Musicais

Em Um Bairro de Nova York (2021)

Avaliação: 3.5 de 5.

Nos EUA esse filme está sendo saudado como um dia de sol após quase ano e meio de reclusão, sombras e mortes provocadas por todo mundo sabe o quê. O momento lá é outro. Com a vacinação em massa, as pessoas nem estão mais usando máscara, mas aqui… com todas as decisões, tensões, uso de máscaras, saques, tumultos, ódio político, e iminente colapso econômico, estou curioso para ver como o espectador brasileiro, que terá que levar viseira e o litrão de álcool para os cinemas, irá lidar com o bom humor e a celebração que esse “Em um Bairro em Nova York” (In the Heights) nos convida.

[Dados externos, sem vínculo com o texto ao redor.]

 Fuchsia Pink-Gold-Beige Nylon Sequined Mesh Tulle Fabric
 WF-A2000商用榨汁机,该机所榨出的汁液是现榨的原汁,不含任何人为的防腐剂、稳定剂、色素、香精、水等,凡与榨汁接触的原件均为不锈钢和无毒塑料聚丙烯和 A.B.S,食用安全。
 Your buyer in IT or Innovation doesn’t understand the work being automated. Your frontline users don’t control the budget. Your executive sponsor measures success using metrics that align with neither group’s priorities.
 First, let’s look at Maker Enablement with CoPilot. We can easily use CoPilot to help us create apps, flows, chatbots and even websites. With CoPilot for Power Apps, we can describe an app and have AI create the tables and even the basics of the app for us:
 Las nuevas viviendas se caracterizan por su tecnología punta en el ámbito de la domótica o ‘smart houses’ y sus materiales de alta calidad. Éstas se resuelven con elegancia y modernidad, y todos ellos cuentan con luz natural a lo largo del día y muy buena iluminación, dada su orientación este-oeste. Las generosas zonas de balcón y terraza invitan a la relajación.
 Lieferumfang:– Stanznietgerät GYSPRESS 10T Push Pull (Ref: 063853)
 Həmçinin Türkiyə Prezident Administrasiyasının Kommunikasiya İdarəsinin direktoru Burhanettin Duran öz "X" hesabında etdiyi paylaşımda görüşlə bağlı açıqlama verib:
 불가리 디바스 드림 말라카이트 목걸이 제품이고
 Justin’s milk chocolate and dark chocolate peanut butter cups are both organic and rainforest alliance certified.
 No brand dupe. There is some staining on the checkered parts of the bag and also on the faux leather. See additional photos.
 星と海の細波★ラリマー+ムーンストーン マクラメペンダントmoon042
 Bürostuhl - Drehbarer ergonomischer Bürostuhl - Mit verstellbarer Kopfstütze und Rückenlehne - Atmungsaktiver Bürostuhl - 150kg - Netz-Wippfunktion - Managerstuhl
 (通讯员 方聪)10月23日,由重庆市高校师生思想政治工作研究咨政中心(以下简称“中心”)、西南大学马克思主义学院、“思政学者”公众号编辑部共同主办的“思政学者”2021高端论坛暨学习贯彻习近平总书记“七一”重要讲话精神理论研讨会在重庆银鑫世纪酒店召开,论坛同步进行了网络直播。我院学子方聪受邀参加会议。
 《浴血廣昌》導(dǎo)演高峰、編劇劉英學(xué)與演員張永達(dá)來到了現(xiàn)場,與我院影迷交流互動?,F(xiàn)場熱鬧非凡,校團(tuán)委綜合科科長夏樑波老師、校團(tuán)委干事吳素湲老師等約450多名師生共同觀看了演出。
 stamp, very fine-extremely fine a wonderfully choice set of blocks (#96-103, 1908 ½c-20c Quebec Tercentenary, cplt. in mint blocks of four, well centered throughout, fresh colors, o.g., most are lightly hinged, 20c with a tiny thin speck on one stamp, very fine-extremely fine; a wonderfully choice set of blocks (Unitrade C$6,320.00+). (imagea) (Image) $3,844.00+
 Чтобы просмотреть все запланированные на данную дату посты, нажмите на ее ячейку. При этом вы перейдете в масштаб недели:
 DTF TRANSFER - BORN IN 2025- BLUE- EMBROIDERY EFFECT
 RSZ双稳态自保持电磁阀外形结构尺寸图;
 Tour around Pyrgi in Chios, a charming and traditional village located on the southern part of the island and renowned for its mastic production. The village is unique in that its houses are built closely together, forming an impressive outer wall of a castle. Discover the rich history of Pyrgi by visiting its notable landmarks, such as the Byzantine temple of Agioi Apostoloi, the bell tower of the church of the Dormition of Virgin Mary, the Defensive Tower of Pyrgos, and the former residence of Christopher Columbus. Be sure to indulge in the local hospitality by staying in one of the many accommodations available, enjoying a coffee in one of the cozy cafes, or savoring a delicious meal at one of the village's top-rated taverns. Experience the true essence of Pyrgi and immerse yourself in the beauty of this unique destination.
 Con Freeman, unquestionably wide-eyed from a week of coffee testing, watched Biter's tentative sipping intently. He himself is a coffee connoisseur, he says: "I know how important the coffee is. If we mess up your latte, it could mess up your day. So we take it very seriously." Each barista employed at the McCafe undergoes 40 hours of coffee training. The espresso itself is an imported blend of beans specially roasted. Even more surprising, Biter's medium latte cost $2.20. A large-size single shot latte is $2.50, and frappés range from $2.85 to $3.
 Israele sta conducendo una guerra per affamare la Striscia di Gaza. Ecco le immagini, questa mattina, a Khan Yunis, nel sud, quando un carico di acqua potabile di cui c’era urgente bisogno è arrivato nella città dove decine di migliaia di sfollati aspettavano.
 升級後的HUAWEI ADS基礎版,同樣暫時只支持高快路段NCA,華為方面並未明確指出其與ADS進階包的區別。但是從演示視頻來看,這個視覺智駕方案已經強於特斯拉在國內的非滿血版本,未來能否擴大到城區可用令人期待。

Alguns, com certeza, verão o filme como piada de mau gosto, outros talvez se permitam se divertir pelo profissionalismo do conjunto, os números musicais muito bem feitos, a atuação inspirada do elenco, e haverá um terceiro grupo que irá embarcar sem culpa de ser chamado de alienado, afinal, o filme é um tributo ao escapismo, traz, na essência,  a tradição de “Um Dia em Nova York” (de 1949), e “A Roda da Fortuna” (de 1953), dois clássicos que explicam como Hollywood enriqueceu vendendo ilusões.  Especulo que a porcentagem da preponderância de gosto irá depender. Nos EUA, o terceiro grupo parece que foi a maioria. No Brasil, vamos ver.

Em cena, estamos num bairro de periferia com três grupos de latinos – cubanos, dominicanos e porto riquenhos – aglomerados  num quarteirão de Washington Heights, e a turma toda é muito fofa. Os rapazes são vitaminados, atléticos e exibem um sorriso largo. As mocinhas comportam-se como princesas dos desenhos da Disney.  As crianças passam o dia pulando amarelinha e os velhos são figuras sábias e serenas. Estamos, é óbvio, num mundo idealizado. E talvez, a chave do sucesso de Lin-Manuel Miranda, que escreveu a peça e as letras das músicas primeiro para a Broadway, seja brincar com esse excesso de idealização, a começar como ele explica a origem do nome do simpático protagonista Usnavy (Anthony Ramos). Ele é assim chamado porque seu pai, chegando da República Dominicana, viu uma fragata de guerra pintado com as iniciais US NAVY, e resolveu batizar o filho com o que acreditava ser o nome do navio.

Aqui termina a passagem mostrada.